Эльжбета уточнила, что на Митькином лице было ею прочитано сожаление. На что Митька саркастически хмыкнул. Эльжбета в ответ оскорбленно напомнила, что обещал вернуться к рассвету.

– Дак а я и вернулся, – сказал Митька, выразительно тряхнув сыромятными наручниками.

При дальнейшем допросе Митька нагло попытался связать частокол угольных палочек на пергаменте с посещением Эльжбеты. При этом двусмысленно подмигнул полоцкому тиуну. Но тиун, примерный семьянин, не поверил. Хотя и не скрыл, что наслышан об азарте восточных соседей.

Далматов едва замял дело.

Азартный Митька, по счастью, увлекся, и к моменту ареста количество палочек перевалило за третий десяток. А поскольку ни один из видов полоцкого вооружения не достигал указанного числа, наказание вышло мягким.

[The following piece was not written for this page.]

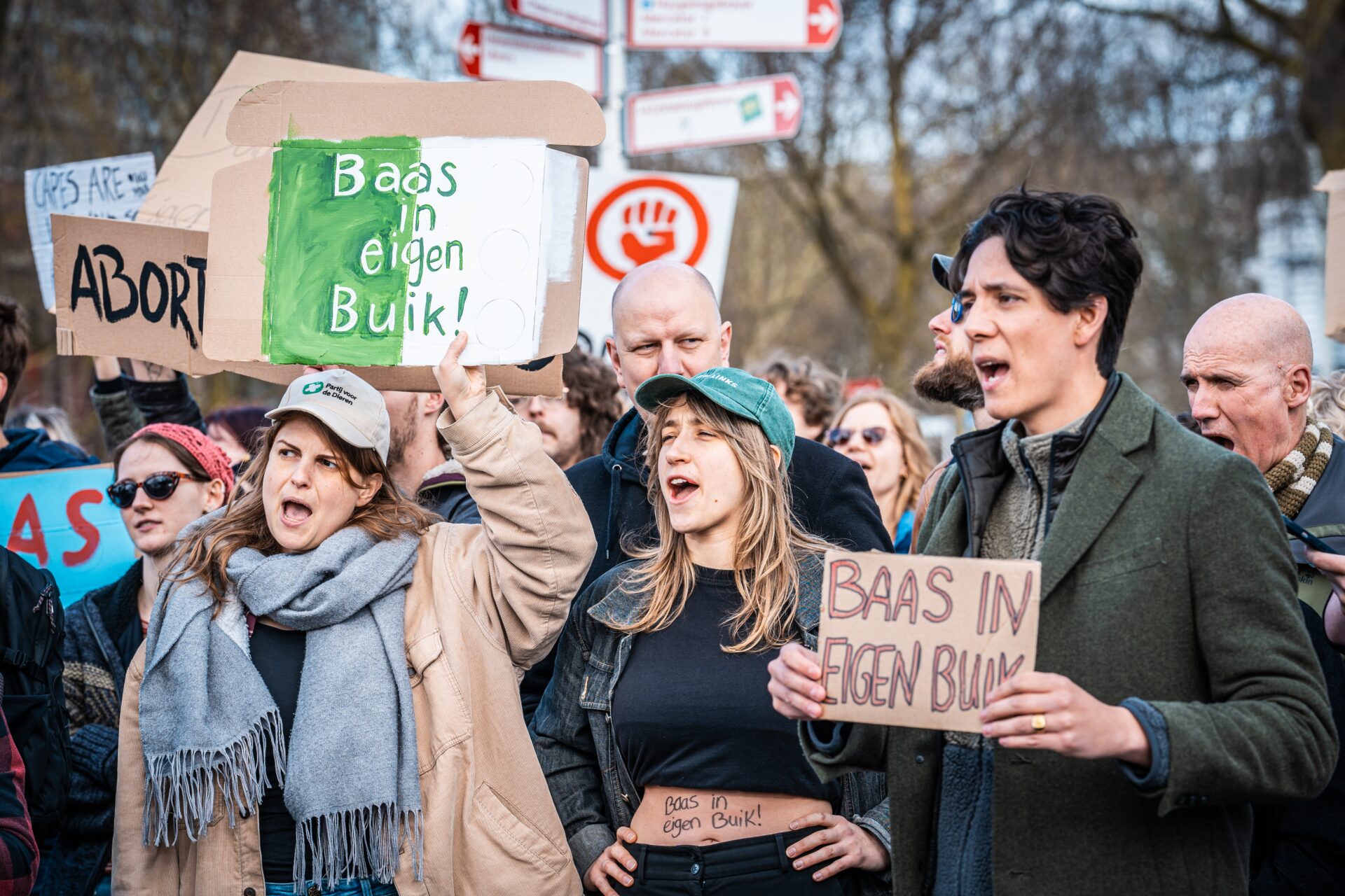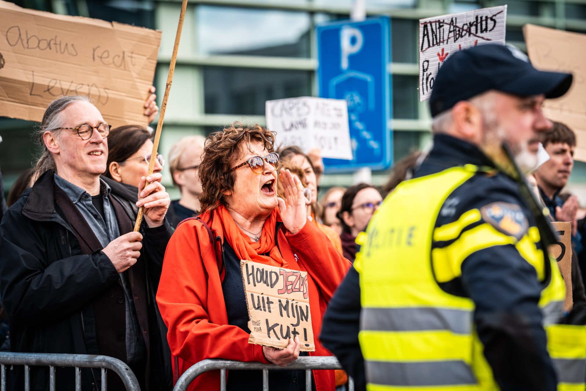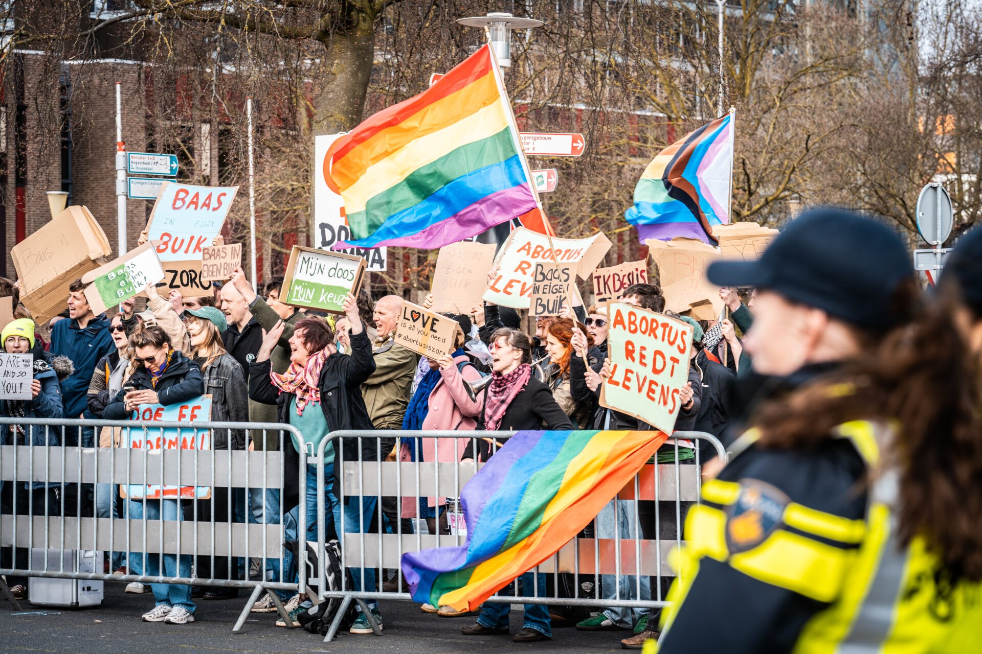 De tegendemonstratie, een bonte mengeling van Dolle Nimma’s, pro-Palestinademonstranten en leden van verschillende politieke partijen, is zeker zes keer zo groot. Ze zwaaien met regenboogvlaggen en borden met feministische leuzen en draaien muziek van Cher en Sophie Straat. Op aangeven van de politie staan ze achter enkele metalen hekken, op korte afstand van de anti-abortusdemonstranten.

Митька был присужден к одиннадцати палочным ударам за хребет – по числу ядер. Казнь свершилась в присутствии полоцкого княжича Гаштольда, дьяка Далматова и самой Эльжбеты. Сердобольный семейный тиун норовил заехать Митьке между ног, но Митька так плотно сжал ягодицы, что тиун выдохся раньше, чем достиг цели.

Эльжбета под конец принялась даже повизгивать в такт ударам.

"Поужинал – дак оставайся! Поужинал – дак оставайся!" – ясно читалось на ее лице.

Митькино косоглазие после десятого удара чудесным образом перешло в ясновидение. Митька по возвращении составил в сердцах проект реформы, надолго определившей судьбу русской разведки.

Кастелянское отделение, готовившее постельничих, было выведено из Посольского приказа в ведомство Тайного сыска, к конюшему Челяднину.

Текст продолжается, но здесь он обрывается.